The Cruelty of Theatre

Sheridan Singleton, Ashley Fox, David Fink, Isaac Samuelson, Christopher Donaldson Cardenas, Charlotte Long, and James Snyder in Ulysses

Sheridan Singleton, Ashley Fox, David Fink, Isaac Samuelson, Christopher Donaldson Cardenas, Charlotte Long, and James Snyder in Ulysses

In a culture where the arts are seen as a decoration that we put in the spare corners of life, going to the theatre is a great conversation piece. Attending a play requires precious time, money, effort, and attention. This frames the experience as a transactional one: for the $100 of this ticket, you will receive $23 of laughs, $14 of tears, $18 of cool things to look at, $23 of self righteousness, $10 of feeling smart, and $12 of sitting down.

The experience of watching a “traditional” play is cruel. Audience members are expected to behave a certain way, dress a certain way, make certain noises at certain times, BUT NOT AT THE WRONG TIME, YOU PHILISTINE. The institutional theatre sets up a performance event that requires participants to have attended a previous performance event of similar kinds, and rewards those that do with a sense of erudition and belonging. Things that require that you already have experienced the thing before you experience the thing are broken things.
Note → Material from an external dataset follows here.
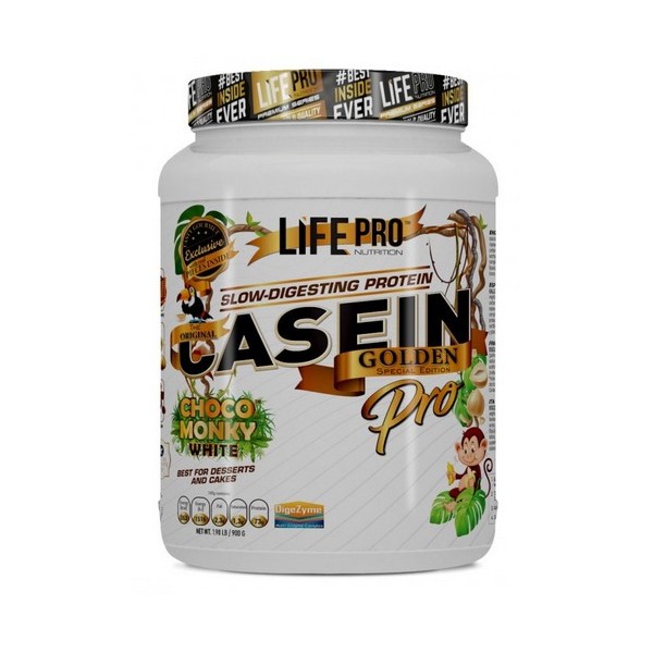 La principal característica de Casein Pro Golden es que se digiere de manera mucho más paulatina y lenta en comparación con otro tipo de proteínas. Se trata de la fuente de proteína más recomendada para periodos de ayuno o para tomar por la noche antes de dormir y para lograr un gran aporte de saciedad al consumirla (debido a las micelas y el tiempo que pertenece en el estómago).
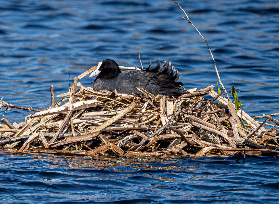 Också från Magle dammar, fortsättning från bilderna igår tagna 5/5. Det är bobyggartider, startar med sothönan som tronar på sin egen ö.

I am as bad an offender as anyone of theatrical tribalism. I shoot dirty looks when people unwrap their hard candies and get on the highest of horses when I hear a phone go off. I will sit in the dark, snot running down my face, bladder ready to explode, mouth gone dry of thirst, farting silently and deadly, counting the minutes until intermission rather than stand up in front of everyone and leave the theatre during a scene… of a play I don’t even like. As an audience member, you bet I reinforce the cruelty of the space.  But of course I do: I was trained to from an early age and I’m good at it now.

            But.

            And.

I want to wrap my knuckles in old playbills and gaff tape and square off with the institution of the American Theater. In the secret basement fight club we would stand under the one hanging light fixture, perspiring with anticipation, surrounded by people waving philanthropic dollars as bets. I know I wouldn’t—couldn’t—kill him (we’ve got too much history) but maybe I could stop him from picking on people who don’t deserve it. Maybe I could knock him off balance just enough so that the people who hide behind him stopped feeling quite so secure. Maybe I could maim him so that the underdogs could become the new champions for a while. Maybe I could look deep into his eyes and he understand, dropping his fists and I would nod the tiniest nod and we would run to each other and hug. Later, at the corner bar, he would tell me that he doesn’t know how he got so stuck, how he hadn’t seen himself fading from the culture. Or not.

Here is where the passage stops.